The underground mine, house and church were all curious places. Worth a visit and interesting enough. However, the best experiences were the Breakaways, the art gallery and the kangaroo hospital.

Breakaways

The Breakaways were one of the big highlights of Coober Pedy. A short drive out of town into a moonscape of different colours hills and formations. It was funny, at the start it was a little disappointing, a few formations and plains viewed from a distance. But as we got deeper into the park and the sun began to set the place came alive.

The colours between the sunset and the formations were just beautiful. You were able to get out and walk and explore some of the formations. We climbed to the top and took in the views. In the end, we found an incredible vantage point, pulled up and stayed put to watch the sunset show. All our thoughts of it being rather “meh” were soon forgotten. Honestly, the pictures are the best way to describe the place.

Art Gallery

The whole trip we knew we wanted to buy some indigenous art. We had stopped in a few galleries and found a number of beautiful pieces. However, the eternal conflict between price, quality and size had never quite been resolved. This was until Coober Pedy.

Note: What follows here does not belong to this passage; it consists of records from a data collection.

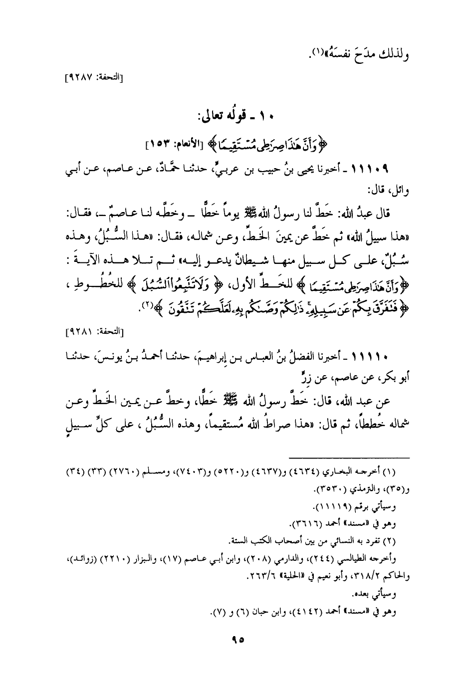 11109 - أَخْبَرَنَا يَحْيَى بْنُ حَبِيبِ بْنِ عَرَبِيٍّ، حَدَّثَنَا حَمَّادٌ، عَنْ عَاصِمٍ، عَنْ أَبِي وَائِلٍ، قَالَ: قَالَ عَبْدُ اللهِ: خَطَّ لَنَا رَسُولُ اللهِ صَلَّى اللهُ عَلَيْهِ وَسَلَّمَ يَوْمًا خَطًّا، وَخَطَّهُ لَنَا عَاصِمٌ فَقَالَ: «§هَذَا سَبِيلُ اللهِ» ثُمَّ خَطَّ عَنْ يَمِينِ الْخَطِّ وَعَنْ شِمَالِهِ فَقَالَ: «هَذَا السَّبِيلُ، وَهَذِهِ سُبُلٌ عَلَى كُلِّ سَبِيلٍ مِنْهَا شَيْطَانٌ يَدْعُو إِلَيْهِ» ثُمَّ تَلَا هَذِهِ الْآيَةَ {وَأَنَّ هَذَا صِرَاطِي مُسْتَقِيمًا} [الأنعام: 153] لِلْخَطِّ الْأَوَّلِ، {وَلَا تَتَّبِعُوا السُّبُلَ} [الأنعام: 153] لِلْخُطُوطِ {فَتَفَرَّقَ بِكُمْ عَنْ سَبِيلِهِ} [الأنعام: 153] ذَلِكُمْ {وَصَّاكُمْ بِهِ لَعَلَّكُمْ تَتَّقُونَ} [الأنعام: 153]
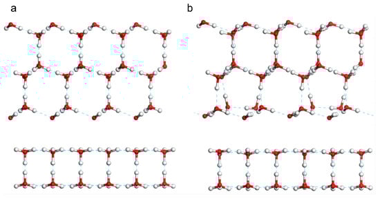 Given the large fluctuations in the electron densities, we used the GGA method for geometry optimization. According to our work on 3D ice phases, the revised PBE functional is the optimal exchange–correlation functional for phonon calculation [30,31,32,33,34,35]. The self-consistent field tolerance was set as eV/atom. Using an ultrasoft pseudopotential, the energy cut-off was set to 340 eV, and the k-point mesh was .
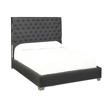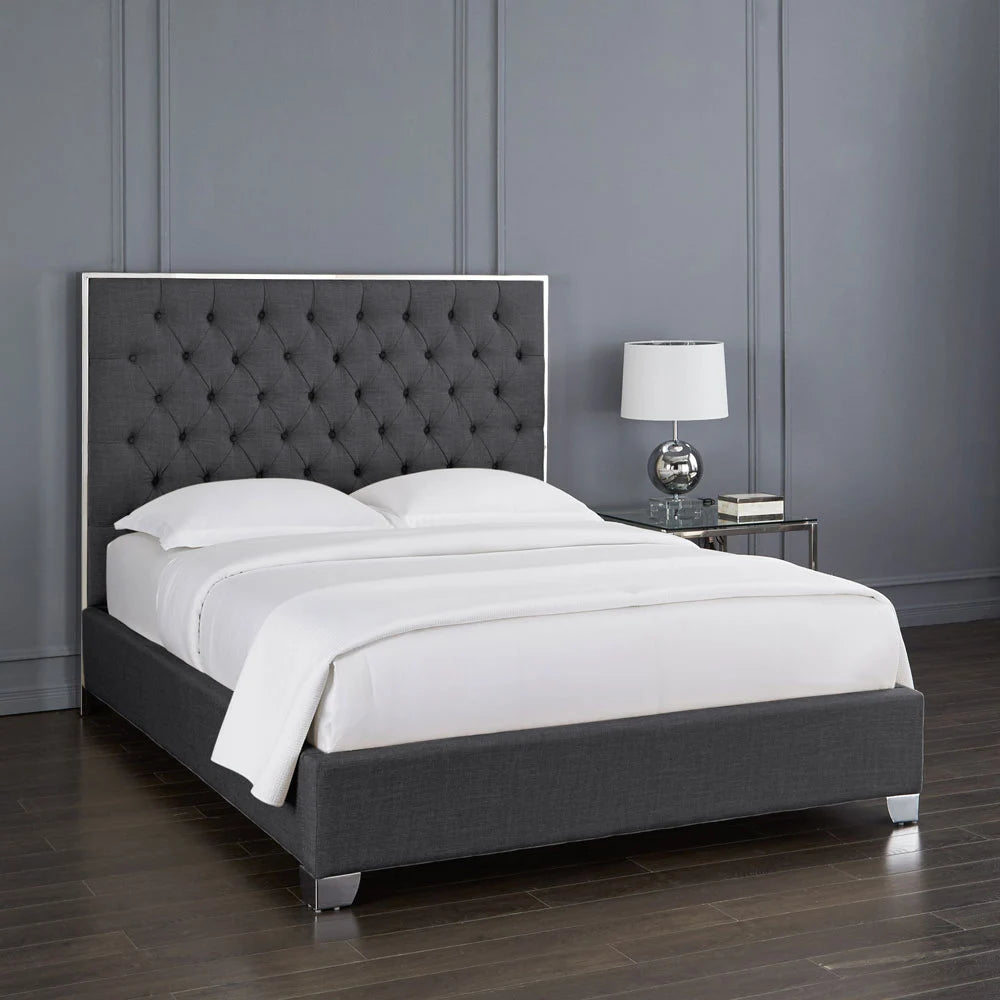 Kroma Grey Tufted King Bed Frame with Polished Steel Trim

We walked into the gallery and bumped straight into the artist in residence, Tommy Crowe. We had a huge range of pieces to choose from, and Tommy talked us through what his art, the story and the significance of the various pieces. The chance to talk with an acclaimed indigenous artist was special in itself, but Tommy was just an interesting guy to talk to. He didn’t even try to sell art to us, but we pretty much knew we’d be buying. His work was beautiful.

Tommy and our canvas

A couple of pieces really grabbed our attention. Budget constraints be damned, we had to decide between two large canvasses. In the end we went for the emu in the Milky Way. It seemed fitting as we’d never so many emus than on this trip and with so many nights with clear skies full of stars it was a very relevant piece. Best of all, he offered to sign the back and took a photo with us all. Not an experience that you get with most art purchases.

Kangaroo Hospital

One of the most unique experiences on the entire trip was to visit the kangaroo hospital. It is a very popular stop in Coober Pedy, but rather unexpected. It turned out this place was very famous, but very low key. An unassuming patio behind the art gallery hosted a couple of hours of kangaroo time. We got to Hand feed kangaroos wasabi peas (who knew), hear about the rescue program and cuddle a little joey.  

Everyone loved the experience, it’s not often you are able to interact with the animals this close, especially getting to see the joeys being fed and held.

The end of Coober Pedy also meant the end of South Australia. It was time to return to Territory and finish off the places we missed on our first visit.